Document Type

Article

Publication Date

2007

Abstract

Even though creativity lies at the heart of present copyright laws, the impulse to create-or more precisely what triggers such creativity-remains largely unexamined. Coinciding with the digital demand for access to information, new standards for "cash 'n' carry" creativity are being urged with little regard to what level of authorial3 control may be required to ensure continued enrichment of the public domain through the creation of vibrant new works. Scientific, psychological, and sociological studies indicate that "cash 'n' carry" creativity fails to implement the critical triggering mechanisms for the creative impulse.
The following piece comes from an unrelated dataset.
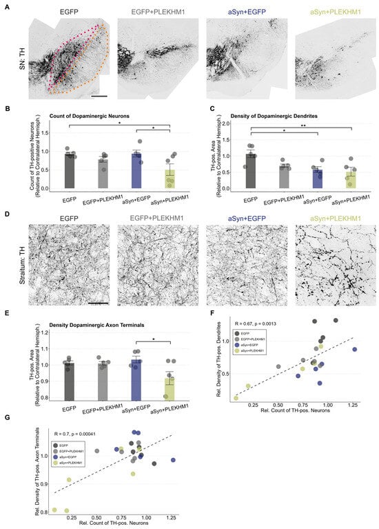 The integrity of dopaminergic axon terminals was assessed by measuring the density of TH-positive structures in the striatum using images acquired at high magnification (Figure 2D). Regarding the neuron numbers in the SNc (Figure 2B), the co-expression of αSyn and PLEKHM1 reduced the density of TH-positive axon terminals in the striatum, whereas the individual expression of either αSyn or PLEKHM1 did not (Figure 2E).

Moreover, such "cash 'n' carry" attitudes toward authors' rights threaten to establish new international harmonization standards that continue the inequality of earlier protection regimes. Instead of freeing works for the public domain, current movements such as "access to knowledge," if not carefully circumscribed in the copyright area, may adversely impact efforts by developing nations and previously excluded voices to protect local creative industries. Dissonances between the roles of culture industries in economic development, and perceived boundaries of the public domain, must be respected. In fact, new international standards for the protection of "authors' rights" should actually be broadened in certain instances to allow protection for those voices whose creative works have been excluded or ignored in previous regimes, including protection for indigenous works of folklore and other traditional cultural expressions, and for works whose intellectual creativity has been previously under appreciated, including traditional "women's arts." Ultimately "cash 'n' carry" creativity as an international standard, without sufficient calibration for cultural and other dissonances, will only continue to marginalize the already-excluded. Effective harmonization requires more.